This is standard retryPolicy, accepted in this JSON format by most gRPC implementations.

toddbaert · 2025-10-30T16:27:43Z

docs/reference/specifications/providers.md

+| offlineFlagSourcePath | FLAGD_OFFLINE_FLAG_SOURCE_PATH | offline, file-based flag definitions, overrides host/port/targetUri                                             | string                       | null                          | file                    |
+| offlinePollIntervalMs | FLAGD_OFFLINE_POLL_MS          | poll interval for reading offlineFlagSourcePath                                                                 | int                          | 5000                          | file                    |
+| contextEnricher       | -                              | sync-metadata to evaluation context mapping function                                                            | function                     | identity function             | in-process              |
+| fatalStatusCodes      | -                              | a list of gRPC status codes, which will cause streams to give up and put the provider in a PROVIDER_FATAL state | array                        | []                            | rpc & in-process        |


This is the only new option - the other changes are just whitespace.

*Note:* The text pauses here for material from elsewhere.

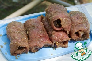 Идея этого рецепта позаимствована у Влада Пискунова, я внесла небольшие изменения. Телятина при всей своей полезности и привлекательности не отличается особенной сочностью после обжаривания на углях. Одним из вариантов решения может стать рулет с маринованными в оливковом масле и соевом соусе баклажанами. Угощайтесь, надеюсь, что вам понравится!
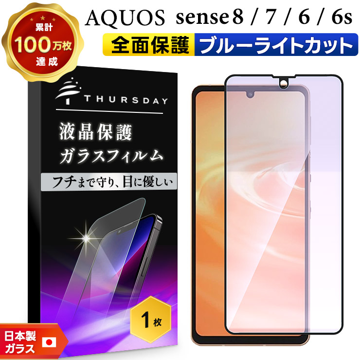 ■AQUOS sense8 sense7 全面保護 ブルーライト ガラスフィルム ガラス sense6 sense6s フィルム 強化ガラス 液晶 保護 フィルム 硬度9H

Signed-off-by: Todd Baert <[email protected]>

Co-authored-by: gemini-code-assist[bot] <176961590+gemini-code-assist[bot]@users.noreply.github.com> Signed-off-by: Todd Baert <[email protected]>

Signed-off-by: Todd Baert <[email protected]>

Co-authored-by: gemini-code-assist[bot] <176961590+gemini-code-assist[bot]@users.noreply.github.com> Signed-off-by: Todd Baert <[email protected]>

sonarqubecloud · 2025-10-30T16:37:43Z

Quality Gate passed

Issues
0 New issues
0 Accepted issues

Measures
0 Security Hotspots
0.0% Coverage on New Code
0.0% Duplication on New Code

See analysis details on SonarQube Cloud

aepfli · 2025-10-31T10:51:02Z

docs/reference/specifications/providers.md

-When either stream (sync or event) disconnects, whether due to the associated deadline being exceeded, network error or any other cause, the provider attempts to re-establish the stream immediately, and then retries with an exponential back-off.
-We always rely on the [integrated functionality of GRPC for reconnection](https://github.com/grpc/grpc/blob/master/doc/connection-backoff.md) and utilize [Wait-for-Ready](https://grpc.io/docs/guides/wait-for-ready/) to re-establish the stream.
-We are configuring the underlying reconnection mechanism whenever we can, based on our configuration. (not all GRPC implementations support this)
+When either stream (sync or event) disconnects, whether due to the associated deadline being exceeded, network error or any other cause, the provider attempts to re-establish the stream immediately.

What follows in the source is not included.